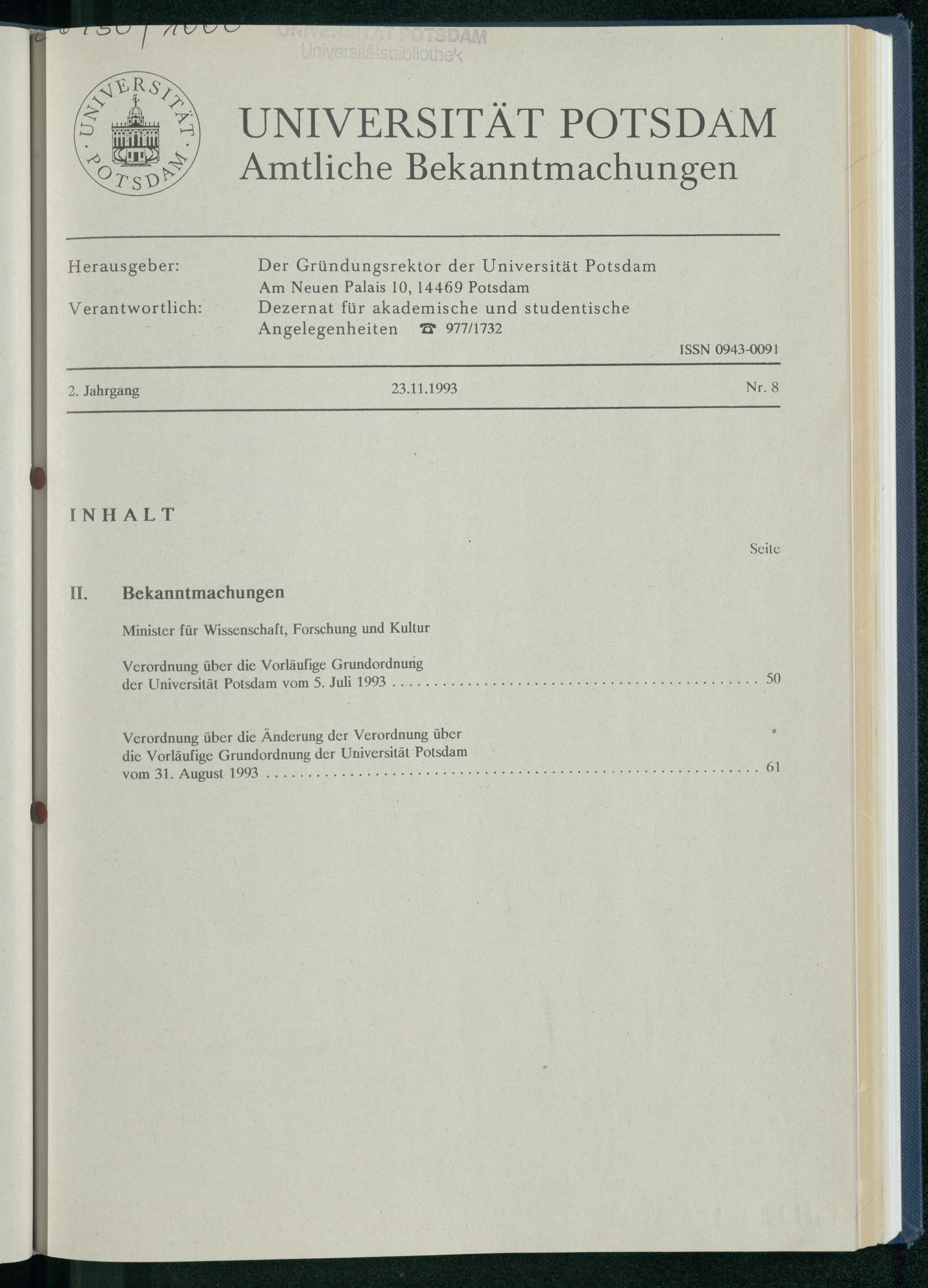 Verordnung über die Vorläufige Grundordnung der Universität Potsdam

**********

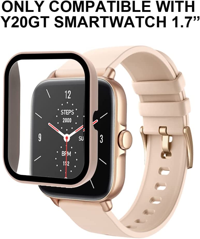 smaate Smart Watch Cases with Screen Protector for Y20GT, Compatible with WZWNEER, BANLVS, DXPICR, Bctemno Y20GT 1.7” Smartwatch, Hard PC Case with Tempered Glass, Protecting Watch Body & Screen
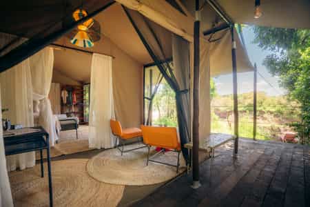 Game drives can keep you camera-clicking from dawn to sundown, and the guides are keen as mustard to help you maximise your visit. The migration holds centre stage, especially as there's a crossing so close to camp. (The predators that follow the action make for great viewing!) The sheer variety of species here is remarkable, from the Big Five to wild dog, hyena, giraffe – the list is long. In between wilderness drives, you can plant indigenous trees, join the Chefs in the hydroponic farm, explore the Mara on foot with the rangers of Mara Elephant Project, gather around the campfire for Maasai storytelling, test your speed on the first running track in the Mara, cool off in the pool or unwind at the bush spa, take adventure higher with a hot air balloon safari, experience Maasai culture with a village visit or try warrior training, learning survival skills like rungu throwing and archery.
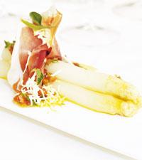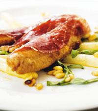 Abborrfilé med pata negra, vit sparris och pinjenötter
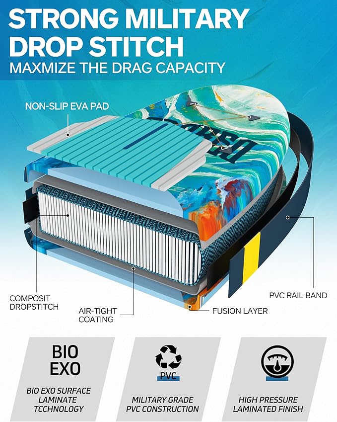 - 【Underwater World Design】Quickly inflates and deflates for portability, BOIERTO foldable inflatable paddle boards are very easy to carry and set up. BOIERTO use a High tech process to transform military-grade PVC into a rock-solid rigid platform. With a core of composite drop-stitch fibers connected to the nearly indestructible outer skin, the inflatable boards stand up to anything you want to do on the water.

**********

_What is required:_ Only one stretch of the listing above is to be duplicated: the lines from the one containing "Abborrfilé med pata" through the one containing "- 【Underwater World", both included. Copy them exactly, minus the pictures.

_Task result:_
 Abborrfilé med pata negra, vit sparris och pinjenötter
 - 【Underwater World Design】Quickly inflates and deflates for portability, BOIERTO foldable inflatable paddle boards are very easy to carry and set up. BOIERTO use a High tech process to transform military-grade PVC into a rock-solid rigid platform. With a core of composite drop-stitch fibers connected to the nearly indestructible outer skin, the inflatable boards stand up to anything you want to do on the water.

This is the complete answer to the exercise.